TASK GOAL. Output the material exactly, line by line.

###

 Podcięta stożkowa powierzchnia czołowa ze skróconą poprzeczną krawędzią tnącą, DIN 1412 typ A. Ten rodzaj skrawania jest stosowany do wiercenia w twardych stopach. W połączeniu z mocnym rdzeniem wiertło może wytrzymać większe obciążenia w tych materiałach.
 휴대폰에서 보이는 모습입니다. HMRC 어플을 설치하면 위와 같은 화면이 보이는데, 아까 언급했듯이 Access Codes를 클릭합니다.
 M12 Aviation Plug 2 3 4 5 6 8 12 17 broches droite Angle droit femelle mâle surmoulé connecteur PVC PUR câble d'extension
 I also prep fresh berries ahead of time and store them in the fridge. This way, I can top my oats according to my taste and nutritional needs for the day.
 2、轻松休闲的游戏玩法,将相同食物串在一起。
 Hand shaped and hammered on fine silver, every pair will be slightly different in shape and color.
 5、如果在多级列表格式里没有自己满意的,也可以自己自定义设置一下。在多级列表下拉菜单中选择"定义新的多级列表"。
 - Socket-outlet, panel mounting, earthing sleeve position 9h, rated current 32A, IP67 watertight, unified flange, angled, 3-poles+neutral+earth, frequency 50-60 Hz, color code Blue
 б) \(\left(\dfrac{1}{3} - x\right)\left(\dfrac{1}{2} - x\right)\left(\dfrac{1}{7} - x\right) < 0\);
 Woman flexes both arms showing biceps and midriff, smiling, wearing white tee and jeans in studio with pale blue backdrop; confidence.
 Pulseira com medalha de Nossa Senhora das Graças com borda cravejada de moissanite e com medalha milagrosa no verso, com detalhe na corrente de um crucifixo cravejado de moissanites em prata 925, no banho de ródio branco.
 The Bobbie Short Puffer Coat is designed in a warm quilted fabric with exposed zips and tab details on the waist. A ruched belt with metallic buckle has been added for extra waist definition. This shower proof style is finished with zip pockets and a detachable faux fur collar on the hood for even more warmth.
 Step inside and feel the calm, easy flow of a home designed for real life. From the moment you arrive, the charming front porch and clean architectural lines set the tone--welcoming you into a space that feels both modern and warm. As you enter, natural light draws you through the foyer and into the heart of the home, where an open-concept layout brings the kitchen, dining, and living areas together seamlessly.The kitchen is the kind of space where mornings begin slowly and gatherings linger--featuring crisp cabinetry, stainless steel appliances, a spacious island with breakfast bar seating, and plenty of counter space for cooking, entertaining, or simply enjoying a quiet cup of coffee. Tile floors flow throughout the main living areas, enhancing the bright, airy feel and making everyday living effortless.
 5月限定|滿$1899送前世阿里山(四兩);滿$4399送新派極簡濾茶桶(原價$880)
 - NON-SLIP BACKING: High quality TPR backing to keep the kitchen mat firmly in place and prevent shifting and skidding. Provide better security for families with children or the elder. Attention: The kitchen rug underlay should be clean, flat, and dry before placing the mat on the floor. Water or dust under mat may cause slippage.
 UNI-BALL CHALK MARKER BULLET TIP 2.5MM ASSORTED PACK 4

###

RESULT BELOW.
 Podcięta stożkowa powierzchnia czołowa ze skróconą poprzeczną krawędzią tnącą, DIN 1412 typ A. Ten rodzaj skrawania jest stosowany do wiercenia w twardych stopach. W połączeniu z mocnym rdzeniem wiertło może wytrzymać większe obciążenia w tych materiałach.
 휴대폰에서 보이는 모습입니다. HMRC 어플을 설치하면 위와 같은 화면이 보이는데, 아까 언급했듯이 Access Codes를 클릭합니다.
 M12 Aviation Plug 2 3 4 5 6 8 12 17 broches droite Angle droit femelle mâle surmoulé connecteur PVC PUR câble d'extension
 I also prep fresh berries ahead of time and store them in the fridge. This way, I can top my oats according to my taste and nutritional needs for the day.
 2、轻松休闲的游戏玩法,将相同食物串在一起。
 Hand shaped and hammered on fine silver, every pair will be slightly different in shape and color.
 5、如果在多级列表格式里没有自己满意的,也可以自己自定义设置一下。在多级列表下拉菜单中选择"定义新的多级列表"。
 - Socket-outlet, panel mounting, earthing sleeve position 9h, rated current 32A, IP67 watertight, unified flange, angled, 3-poles+neutral+earth, frequency 50-60 Hz, color code Blue
 б) \(\left(\dfrac{1}{3} - x\right)\left(\dfrac{1}{2} - x\right)\left(\dfrac{1}{7} - x\right) < 0\);
 Woman flexes both arms showing biceps and midriff, smiling, wearing white tee and jeans in studio with pale blue backdrop; confidence.
 Pulseira com medalha de Nossa Senhora das Graças com borda cravejada de moissanite e com medalha milagrosa no verso, com detalhe na corrente de um crucifixo cravejado de moissanites em prata 925, no banho de ródio branco.
 The Bobbie Short Puffer Coat is designed in a warm quilted fabric with exposed zips and tab details on the waist. A ruched belt with metallic buckle has been added for extra waist definition. This shower proof style is finished with zip pockets and a detachable faux fur collar on the hood for even more warmth.
 Step inside and feel the calm, easy flow of a home designed for real life. From the moment you arrive, the charming front porch and clean architectural lines set the tone--welcoming you into a space that feels both modern and warm. As you enter, natural light draws you through the foyer and into the heart of the home, where an open-concept layout brings the kitchen, dining, and living areas together seamlessly.The kitchen is the kind of space where mornings begin slowly and gatherings linger--featuring crisp cabinetry, stainless steel appliances, a spacious island with breakfast bar seating, and plenty of counter space for cooking, entertaining, or simply enjoying a quiet cup of coffee. Tile floors flow throughout the main living areas, enhancing the bright, airy feel and making everyday living effortless.
 5月限定|滿$1899送前世阿里山(四兩);滿$4399送新派極簡濾茶桶(原價$880)
 - NON-SLIP BACKING: High quality TPR backing to keep the kitchen mat firmly in place and prevent shifting and skidding. Provide better security for families with children or the elder. Attention: The kitchen rug underlay should be clean, flat, and dry before placing the mat on the floor. Water or dust under mat may cause slippage.
 UNI-BALL CHALK MARKER BULLET TIP 2.5MM ASSORTED PACK 4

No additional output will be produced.